## Prompt
Transcribe all of the records word for word, but omit the pictures.

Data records
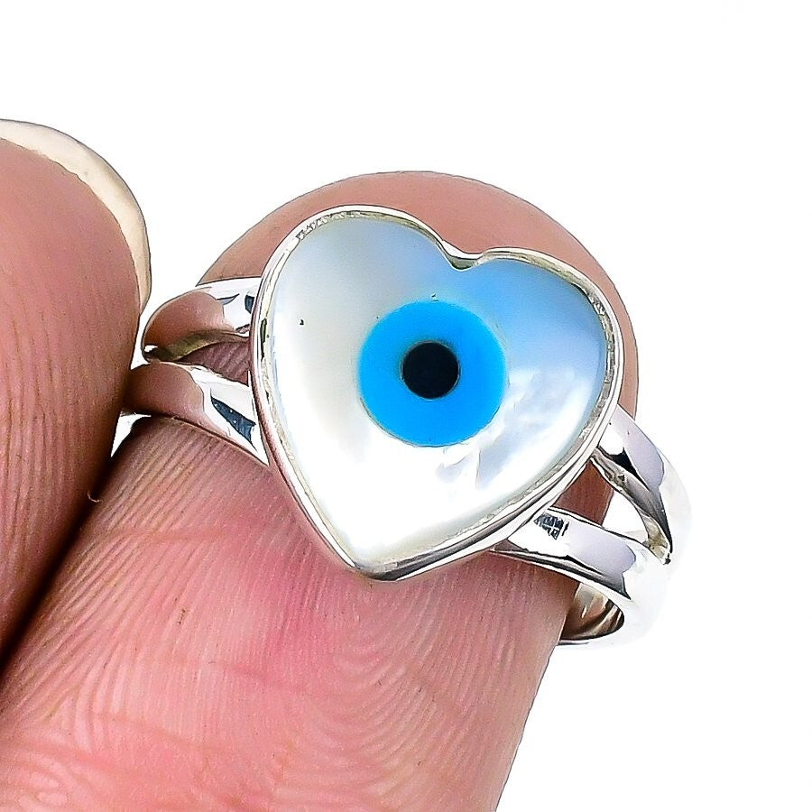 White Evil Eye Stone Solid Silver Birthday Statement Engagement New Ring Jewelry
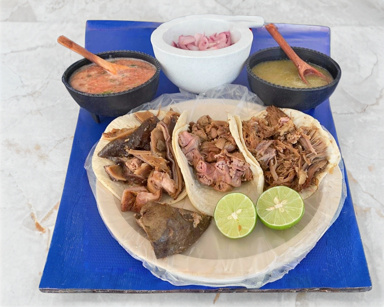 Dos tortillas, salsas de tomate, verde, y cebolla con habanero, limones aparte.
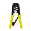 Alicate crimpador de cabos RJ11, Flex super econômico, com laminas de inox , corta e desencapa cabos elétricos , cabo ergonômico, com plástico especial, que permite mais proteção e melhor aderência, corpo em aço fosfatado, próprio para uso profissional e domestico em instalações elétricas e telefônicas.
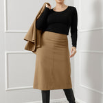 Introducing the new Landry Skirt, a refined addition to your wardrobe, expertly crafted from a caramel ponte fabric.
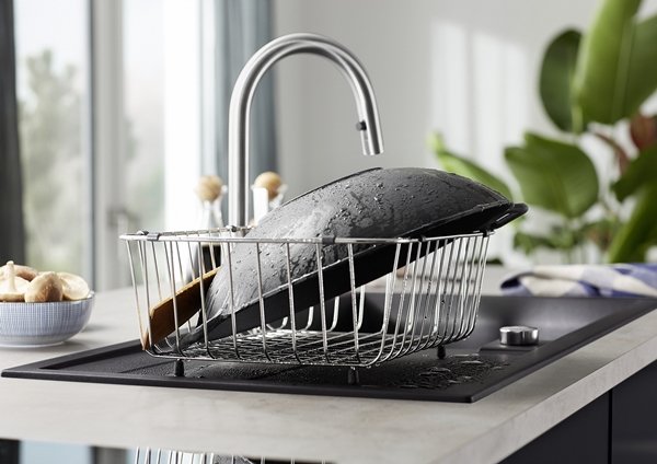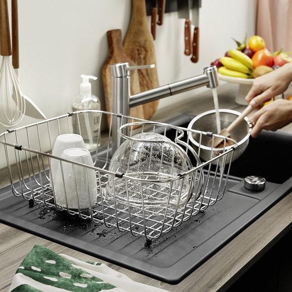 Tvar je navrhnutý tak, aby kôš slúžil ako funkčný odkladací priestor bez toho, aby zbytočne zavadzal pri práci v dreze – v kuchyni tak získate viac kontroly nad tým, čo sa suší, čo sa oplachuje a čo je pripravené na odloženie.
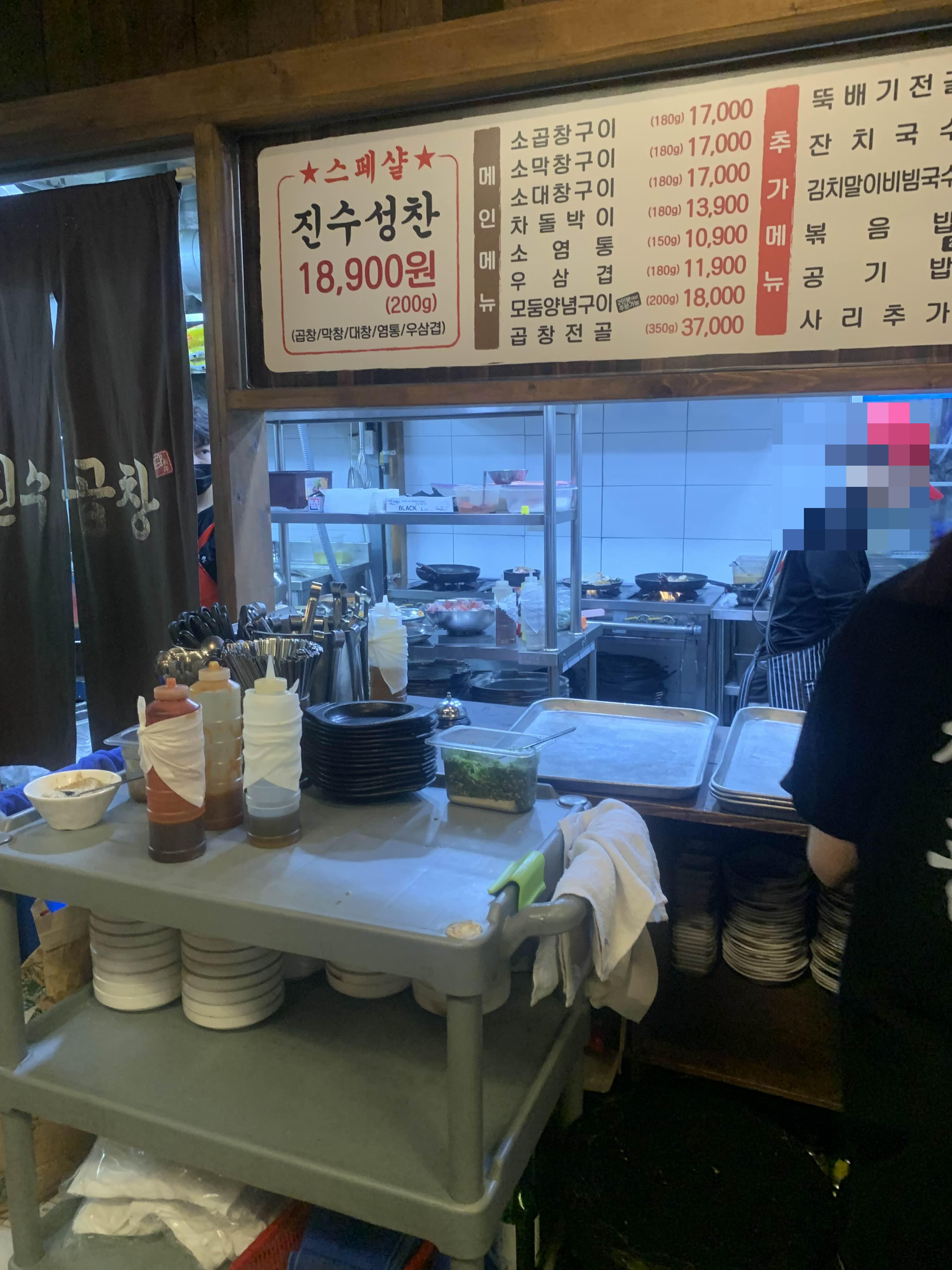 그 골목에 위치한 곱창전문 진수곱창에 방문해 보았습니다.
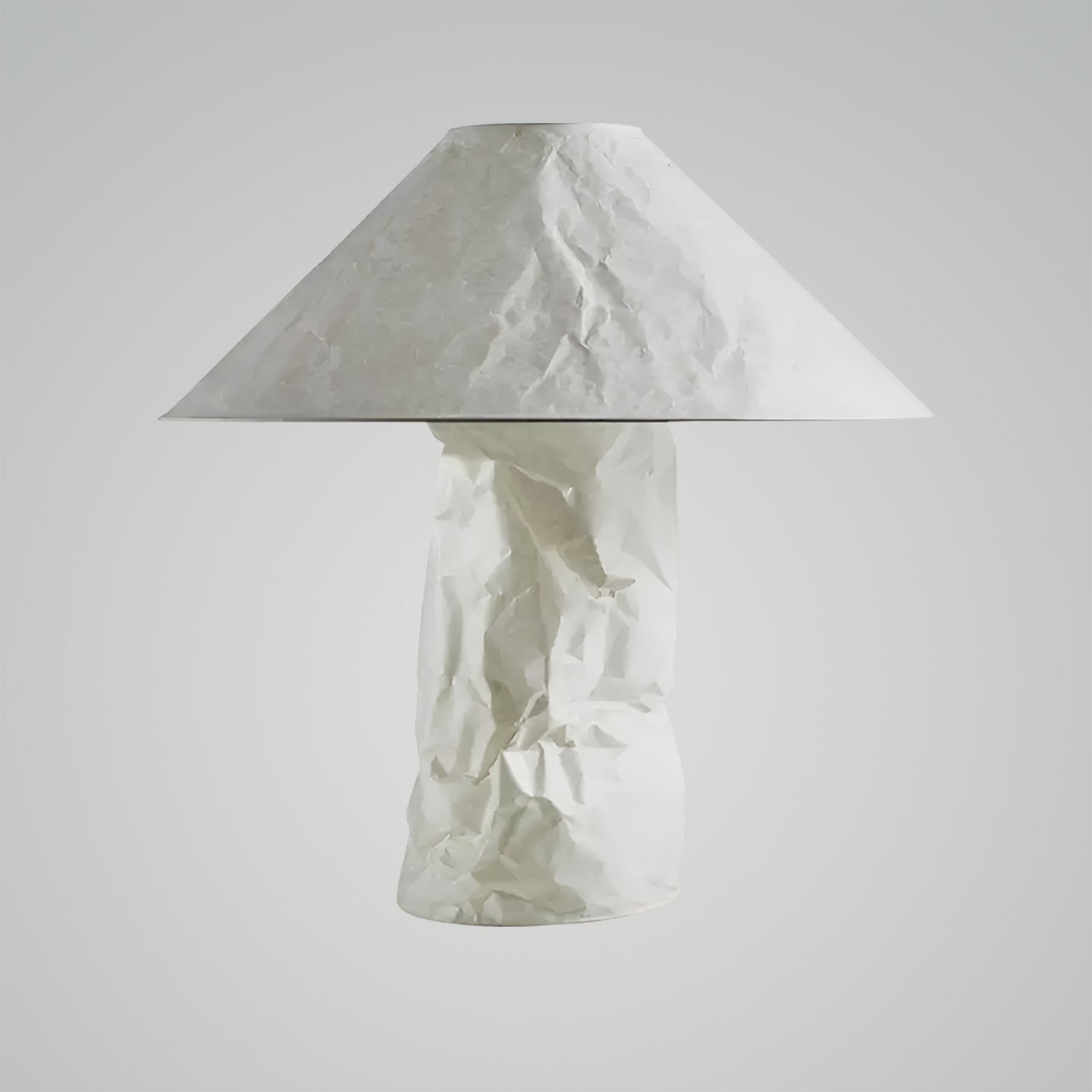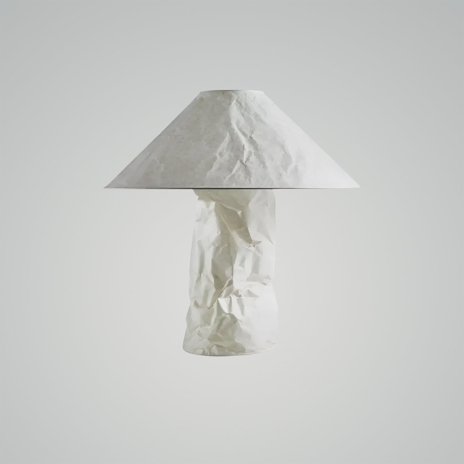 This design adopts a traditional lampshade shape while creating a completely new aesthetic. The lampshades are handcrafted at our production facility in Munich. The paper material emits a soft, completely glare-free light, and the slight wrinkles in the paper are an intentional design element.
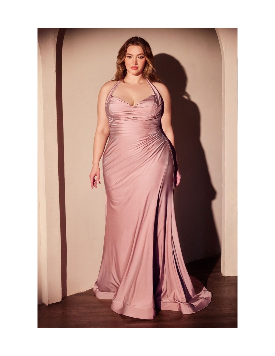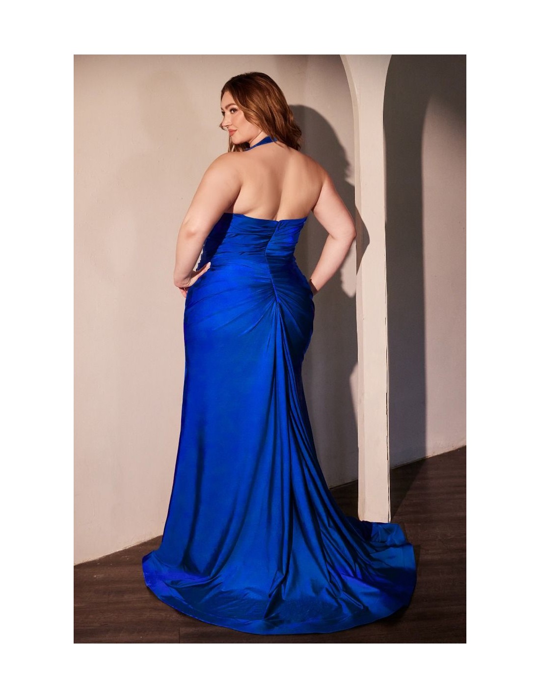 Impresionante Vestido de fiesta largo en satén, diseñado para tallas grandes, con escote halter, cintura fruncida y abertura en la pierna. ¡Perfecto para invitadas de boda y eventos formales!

## Your solution
 White Evil Eye Stone Solid Silver Birthday Statement Engagement New Ring Jewelry
 Dos tortillas, salsas de tomate, verde, y cebolla con habanero, limones aparte.
 Alicate crimpador de cabos RJ11, Flex super econômico, com laminas de inox , corta e desencapa cabos elétricos , cabo ergonômico, com plástico especial, que permite mais proteção e melhor aderência, corpo em aço fosfatado, próprio para uso profissional e domestico em instalações elétricas e telefônicas.
 Introducing the new Landry Skirt, a refined addition to your wardrobe, expertly crafted from a caramel ponte fabric.
 Tvar je navrhnutý tak, aby kôš slúžil ako funkčný odkladací priestor bez toho, aby zbytočne zavadzal pri práci v dreze – v kuchyni tak získate viac kontroly nad tým, čo sa suší, čo sa oplachuje a čo je pripravené na odloženie.
 그 골목에 위치한 곱창전문 진수곱창에 방문해 보았습니다.
 This design adopts a traditional lampshade shape while creating a completely new aesthetic. The lampshades are handcrafted at our production facility in Munich. The paper material emits a soft, completely glare-free light, and the slight wrinkles in the paper are an intentional design element.
 Impresionante Vestido de fiesta largo en satén, diseñado para tallas grandes, con escote halter, cintura fruncida y abertura en la pierna. ¡Perfecto para invitadas de boda y eventos formales!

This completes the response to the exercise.